──────── DATA PROVIDED ────────

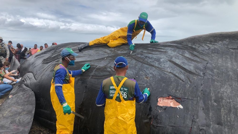 Desde cedo, 22 agentes da nossa equipe de operações especiais da Limpurb estão numa força-tarefa para a retirada da carcaça de baleia-jubarte que está encalhada na praia de Coutos, numa ação em conjunto com o Instituto Baleia Jubarte.
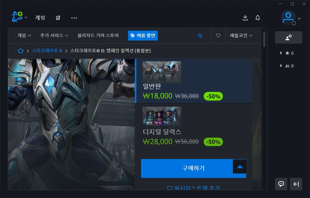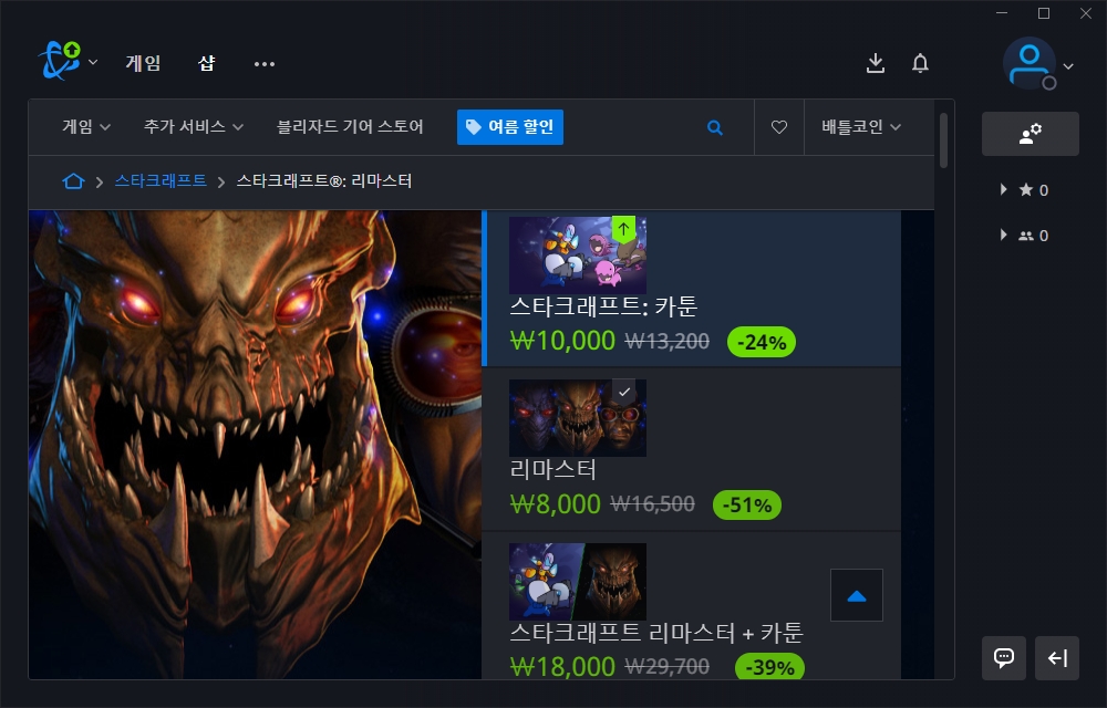 우선 국민 게임이라고 할 수 있는 스타크래프트1의 할인을 하고 있습니다. 카툰은 10,000원이고 리마스터는 8,000원 그리고 합본은 18,000원입니다. 올드 게이머라면 구매할 만한 가치가 있을 것으로 예상합니다.
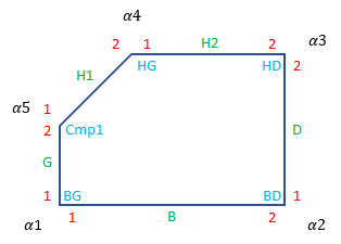 N.B. : pour l’angle α4 du pentagone pointe (piloté par le paramètre Cmp1) la convention est la suivante :
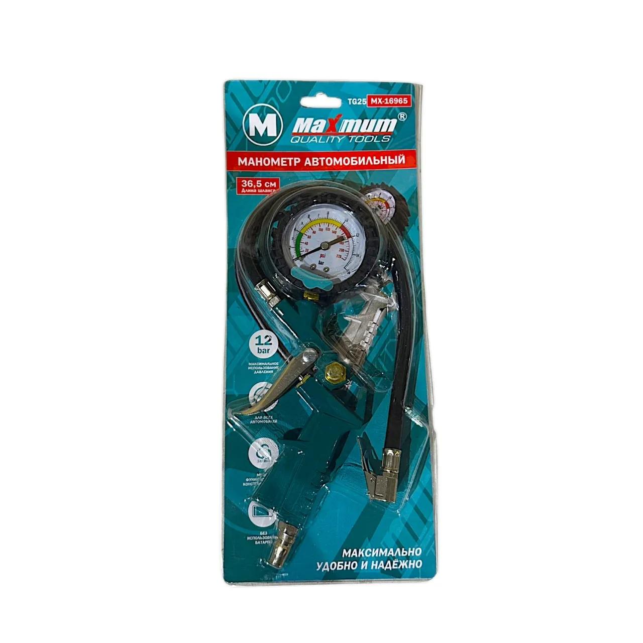 Пистолет с манометром предназначен для измерения давления и подкачки шин. Пневматический пистолет оснащен кнопкой стравливания воздуха и манометром с двойной шкалой, что дает возможность контролировать давление в шинах во время подкачки. Гибкий шланг 36,5 см позволяет производить работы в узких и труднодоступных местах. Легкий алюминиевый корпус прорезинен. Шланг 15 атмосфер и соединение типа рапид созданы для быстрого и удобного подключения.
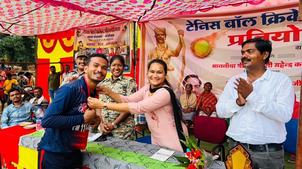 *दंतेवाड़ा।* शहीद वीर गुण्डाधुर युवा समिति एवं गंजेनार युवा क्रिकेट क्लब द्वारा टेनिस बॉल क्रिकेट प्रतियोगिता का आयोजन ग्राम पंचायत गंजेनार में किया गया। इस प्रतियोगिता में 12 पंचायत के खिलाड़ियों ने हिस्सा लिया। क्रिकेट प्रतियोगिता के समापन अवसर पर जिला पंचायत अध्यक्ष तुलिका कर्मा विशेष रूप से मौजूद रही। फाइनल मैच ग्राम पंचायत मोलसनार व ग्राम पंचायत गंजेनार के बीच खेला गया, जिसमें गंजेनार ने जीत हासिल की। खिलाड़ियों को संबोधित करते जिपं अध्यक्ष ने कहा कि खेल के प्रति युवाओं का जज्बा आज देखते ही बन रहा है। मेरे जिला पंचायत क्षेत्र में इस तरह की प्रतियोगिता आयोजित होना मेरे लिए गर्व की बात है। अंदरूनी इलाकों के युवा अब खेल के माध्यम से अपने गांव व जिले का नाम रौशन कर रहे हैं। तुलिका ने आगे कहा की जिले में बहुत जल्दी खिलाड़ियों के लिए खेल एकेडमी का निर्माण कराया जाएगा, जहां खिलाड़ी परिसर में ही रहकर खेल के गुर सीखेंगे साथ ही नेशनल स्तर पर होने वाले प्रतियोगिता में भाग लेंगे। पुलिस अधीक्षक सिद्धार्थ तिवारी द्वारा खिलाड़ियों के लिए क्रिकेट किट भी दिया गया, जिसे डीएसपी आशा रानी, आरआई लोकेश कसेर द्वारा खिलाड़ियों में वितरण किया गया। अंत में जिपं अध्यक्ष समेत सभी अतिथियों ने विजेता टीम को 15001 रुपए व कप वहीं दूसरी टीम को 7500 रुपए व कप उपहार स्वरूप प्रदान किया। इस दौरान धुरवा समाज के अध्यक्ष व आयोजन समिति से जुड़े जयराम कश्यप, अजय मरकाम, थाना प्रभारी कुआकोण्डा श्री भंडारी, सुरेश भास्कर समेत अन्य उपस्थित थे।
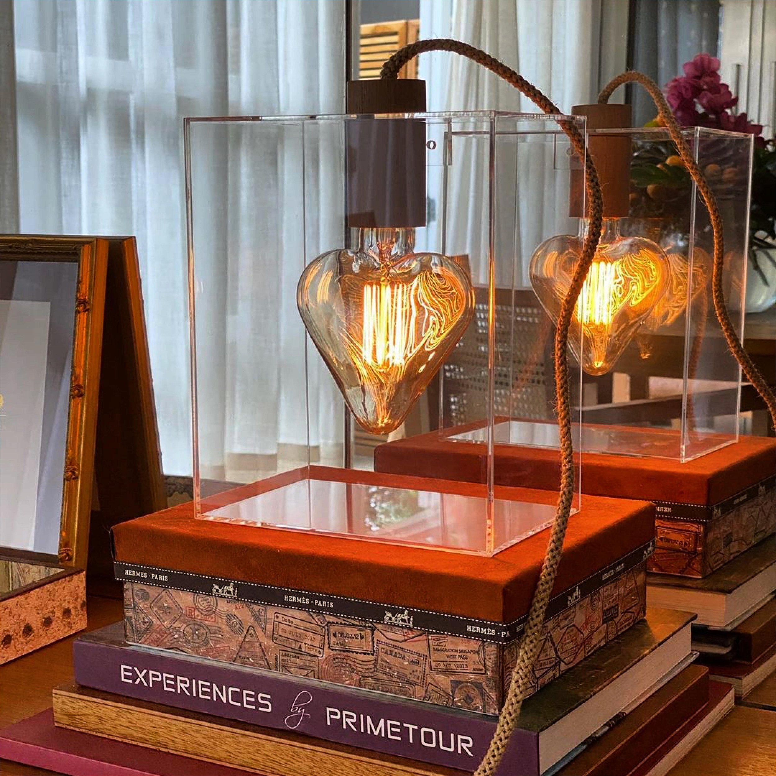 Luminária de parede ou mesa com lâmpada coração em filamento de led, bivolt, dentro de uma caixa de acrílico, bocal em madeira, fio corda com 2 metros

────────

◆ **INSTRUCTIONS FOR THE TASK**: Return the stretch of data that begins with the line showing "우선 국민 게임이라고" and goes on through the line showing "N.B. : pour", exactly, with pictures removed.

◆ **THE COMPLETED TASK**:
 우선 국민 게임이라고 할 수 있는 스타크래프트1의 할인을 하고 있습니다. 카툰은 10,000원이고 리마스터는 8,000원 그리고 합본은 18,000원입니다. 올드 게이머라면 구매할 만한 가치가 있을 것으로 예상합니다.
 N.B. : pour l’angle α4 du pentagone pointe (piloté par le paramètre Cmp1) la convention est la suivante :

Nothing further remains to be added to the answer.